Die Besteigung der Marangu-Route dauert in der Regel mindestens 5 Tage/4 Nächte und höchstens 6 Tage/5 Nächte. Ein zusätzlicher Tag in der Horombo-Hütte dient der Akklimatisierung. Der Preis richtet sich nach der Anzahl der Klettertage.

UMBWE-KLETTERROUTE
Die Umbwe-Kletterroute gilt als abenteuerlicher Aufstieg mit einigen steilen Anstiegen und erfordert Klettererfahrung. Sie führt von Süden her zum Uhuru-Gipfel. Bergsteiger verbringen auf dieser Route mindestens 6 Tage/5 Nächte, höchstens etwa 7 Tage. Aufgrund ihrer Strapazen wird die Umbwe-Route auch als technischer Aufstieg bezeichnet. Die ersten beiden Aufstiegstage sind extrem steil, schlammig und erfordern im Allgemeinen viel Kraft. Ein zusätzlicher Tag im Karanga-Tal ermöglicht eine Akklimatisierung, die nur für gut trainierte Bergsteiger möglich ist. Beim Aufstieg über die Umbwe-Route steigen die Bergsteiger über die Mweka-Route ab.

RONGAI-KLETTERROUTE
Rongai ist die einzige Route auf der Nordostseite des Kilimandscharo. Die übliche Kletterdauer beträgt 6 Tage/5 Nächte. Sie ist weniger beliebt, weist weniger Verkehr auf und bietet unberührte Wildnis. Sie bietet eine andere Perspektive auf den Kilimandscharo. Rongai gilt allgemein als die einfachste Kletterroute. Im Gegensatz zu Marangu bietet die Route keine Übernachtungsmöglichkeiten außer Camping, was sie besonders abenteuerlich macht.
Rongai ist die ideale Route für alle, die ein anspruchsvolles Erlebnis suchen und sich ihrer Fitness nicht ganz sicher sind. Zudem ist Rongai meist die trockenste Route. Wer über diese Route aufsteigt, steigt über die Marangu-Route ab; Zelten ist jedoch weiterhin möglich. Die Route ist beliebt, da sie meist die trockenste ist. Beim Aufstieg über die Rongai-Route steigen Bergsteiger über Rongai auf und über die Marangu-Route ab, wobei die Übernachtungsmöglichkeiten durchgehend vorhanden sind.

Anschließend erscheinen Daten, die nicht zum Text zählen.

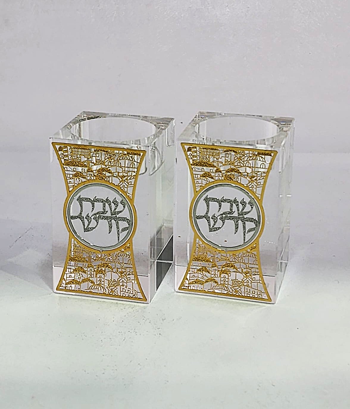 *7.3 80יח זוג פמוט קריסטל 8ס’מ פלקטה מוזהבת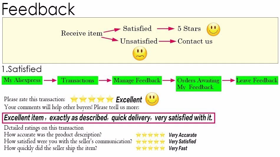 1. Если вы удовлетворены нашими продуктами и услугами, пожалуйста, оставьте свой положительный отзыв и 5 звезд. Положительный (5 звезд) очень важен для нас, пожалуйста, подумайте дважды, прежде чем оставить нам отзыв. 2. Если вы не удовлетворены нашей продукцией, пожалуйста, не стесняйтесь связаться с нами, прежде чем оставить отрицательный (1-3 звезды) отзыв или сделать подробную оценку. Мы сделаем все возможное, чтобы решить вашу проблему.
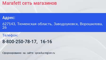 Marafett, сеть магазинов по адресу 627143, Тюменская область, Заводоуковск, Ворошилова, 26 в дальнейшем Организация, размещена в следующих категориях: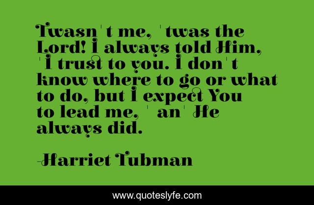 This page presents the quote "Twasn't me, 'twas the Lord! I always told Him, 'I trust to you. I don't know where to go or what to do, but I expect You to lead me, ' an' He always did.". Author of this quote is Harriet Tubman. .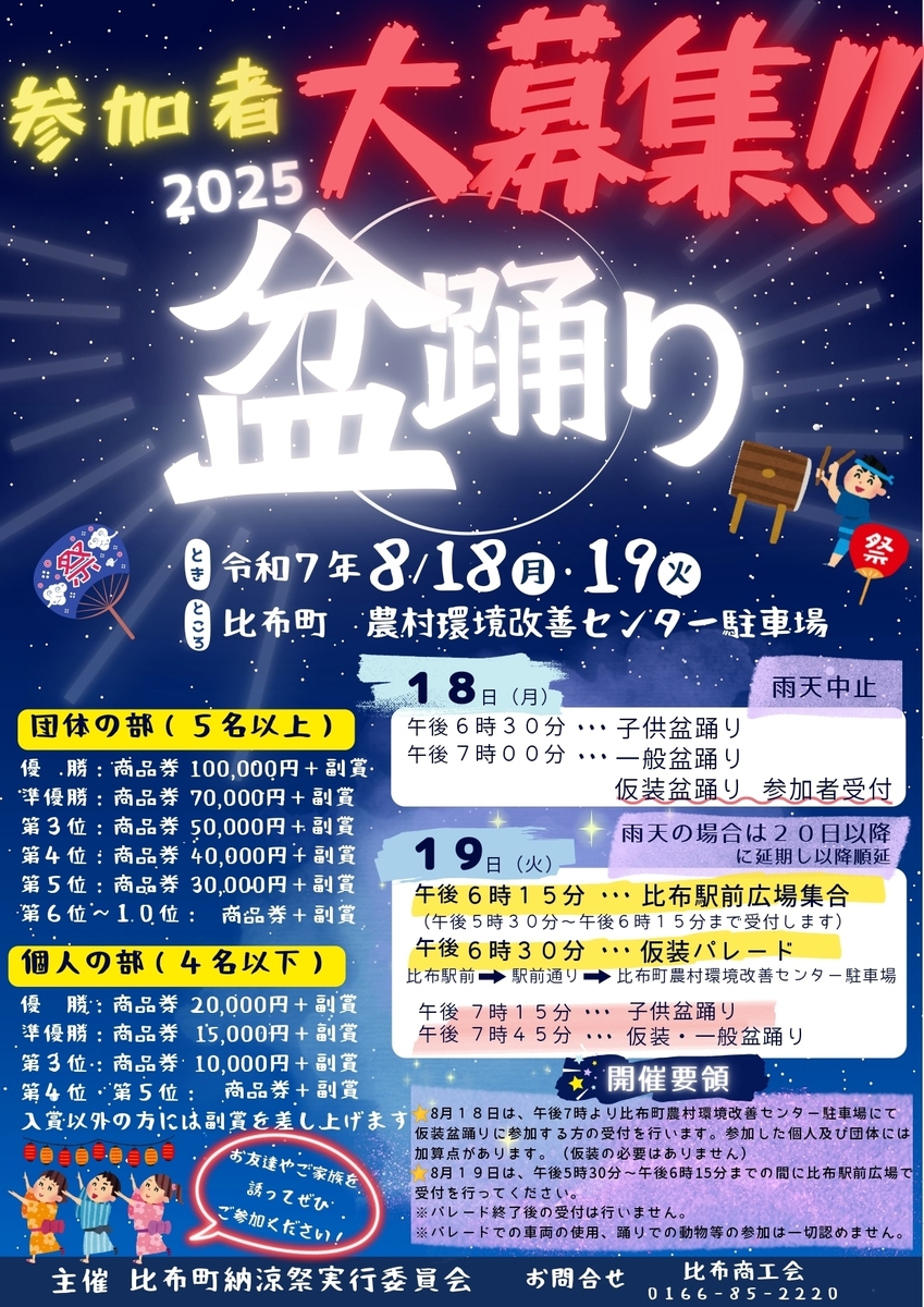 8月18日(月)と19日(火)の2日間、比布町農村環境改善センター駐車場をメイン会場に、子供盆踊り、一般盆踊り、仮装パレード・仮装盆踊りが行われます。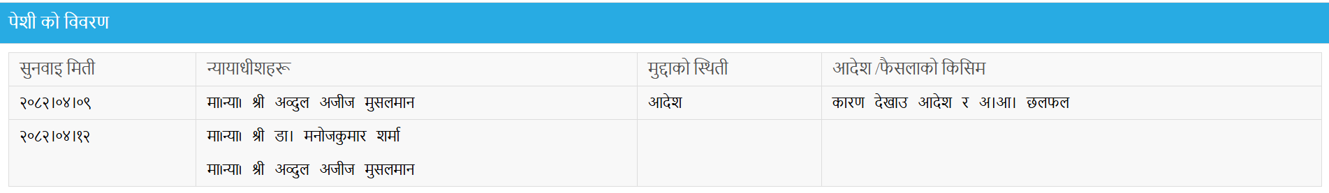 आजको पेशी मुशलमान र मनोजकुमार शर्माको संयुक्त इजलासमा परेको छ ।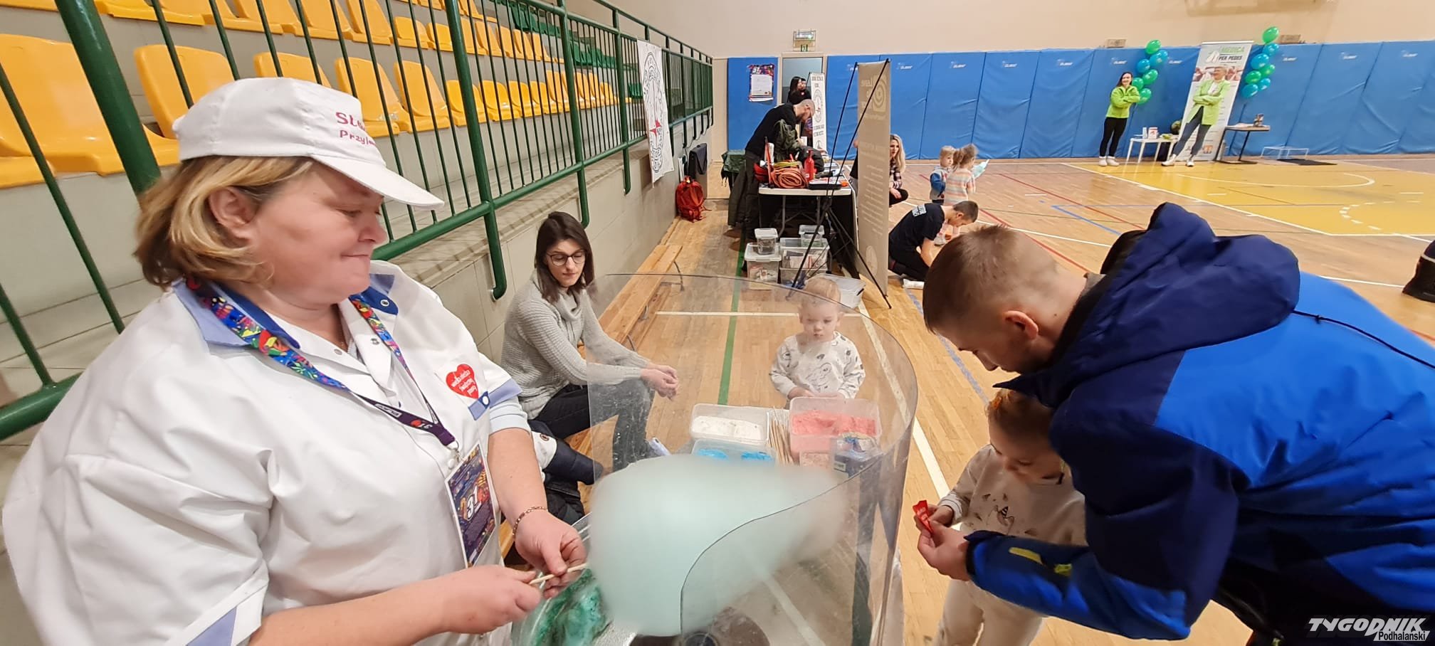 Małgorzata Kicmal pojawiła się w Hali Gorce z 10 kilogramami cukru i sprzętem do robienia waty cukrowej. Każdy kto kupił u niej ten przysmak wspierał WOŚP. Bo cały dochód dzisiaj wpadał do puszki. Przed budynkiem Hali Gorce strażacy z OSP Nowy Targ prezentowali chętnym dzieciakom sprzęt. Wodne Ochotnicze Pogotowie Ratunkowe uczyło jak udzielić pierwszej pomocy.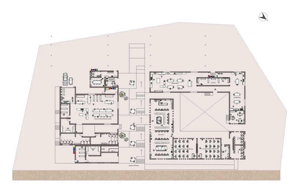 Gracias al uso de la topografía, el proyecto construye una jerarquía espacial implícita: el acceso desde el nivel más bajo, la progresiva elevación hacia zonas de mayor privacidad o importancia institucional (como la dirección),ylacentralidaddelazonade procesamiento. Esta jerarquía no está impuesta mediante muros o cerramientos,sinoatravésdeldesnivel y del recorrido vertical, lo que permite unalecturanaturalyfluidadelespacio sinnecesidaddeseñaléticaexplícita.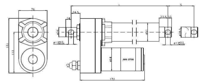 Stroke: 400~600mm L =S+300mm支持安装电位计,标配行程开关,离合器图纸安装孔向为正 90 度,(标准)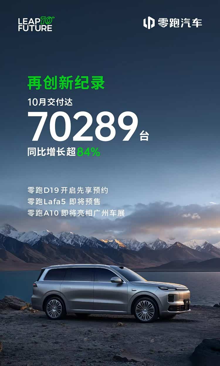 正所谓窥一斑而见全豹!在刚刚过去的10月份,零跑品牌的月销量再次创下新高,达到了7万辆的规模。作为对比来看,其他几家主流的新势力车企,目前的销量规模都徘徊在4万辆左右。与其他几家动辄三四十万的产品定位不同的是,零跑一直在深耕十万级别的主流汽车消费市场,并通过纯电+增程两条腿走路的方式,获得了更大体量的潜在用户群体。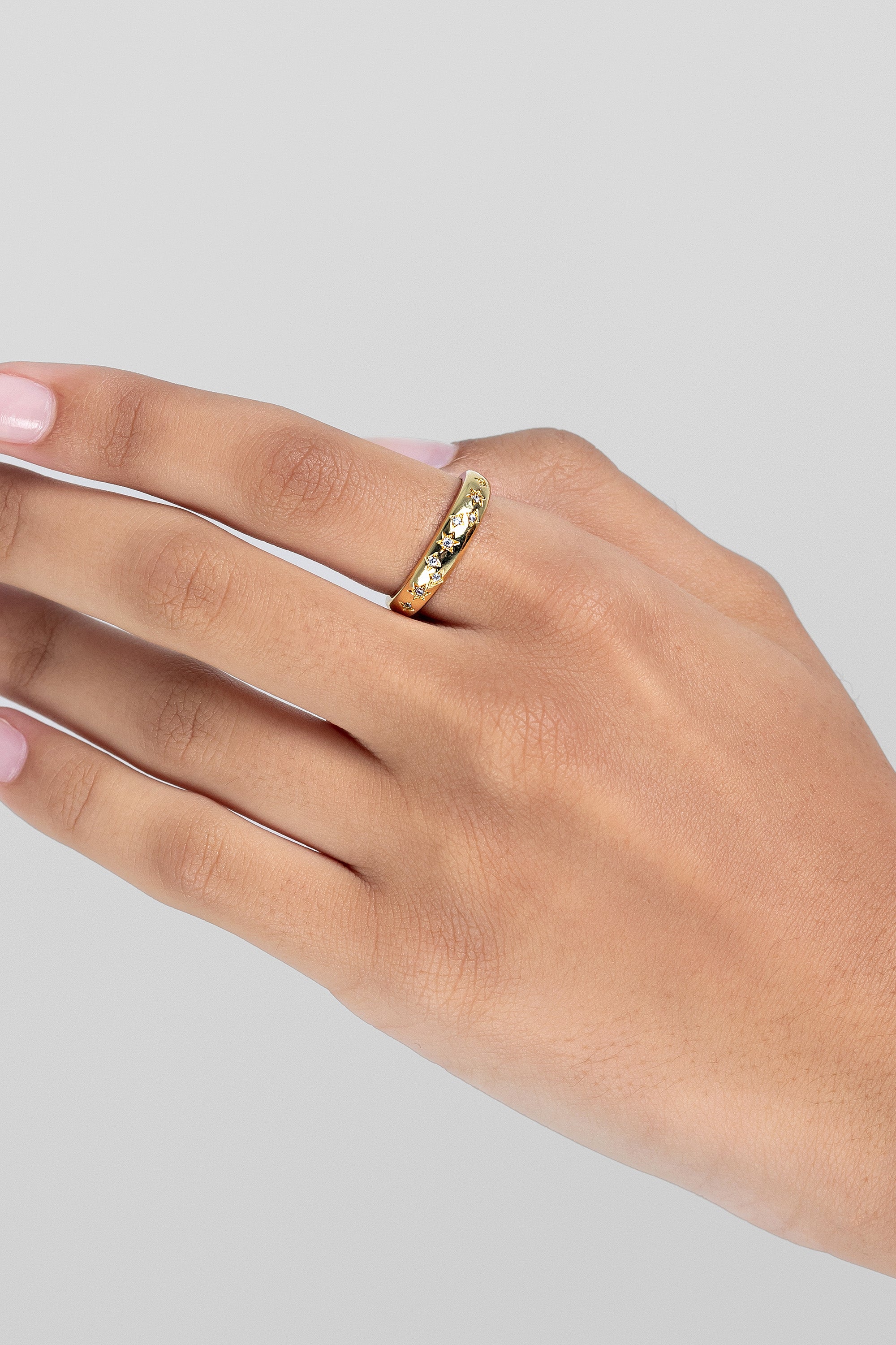 Elegant and detailed, this etched ring is finished with shimmering crystal accents. With a microplated, nickel-free design, it offers a timeless yet modern feel, perfect for adding a touch of sparkle to any look.

KLETTERROUTE NORD-RUNDGANG
Der Northern Circuit ist die neueste und längste Route auf den Kilimandscharo. Er beginnt im Westen am Londorossi-Tor und folgt in den ersten beiden Tagen demselben Weg wie die Lemosho-Route. Nach der Überquerung des Shira-Plateaus biegt der Weg in der Nähe des Lava Towers nach Norden ab und folgt dem längeren Northern Circuit anstelle des beliebteren Southern Circuit über das Barranco-Tal. Die Route umrundet die ruhigeren Nordhänge zur Ostseite des Berges. Der Northern Circuit ist länger als die anderen Wanderwege auf den Kilimandscharo und dauert mindestens acht oder neun Tage. Bei der achttägigen Wanderung entfällt der zusätzliche Akklimatisierungstag, der normalerweise im Shira Camp 2 verbracht wird, und führt direkt weiter zum Moir Camp.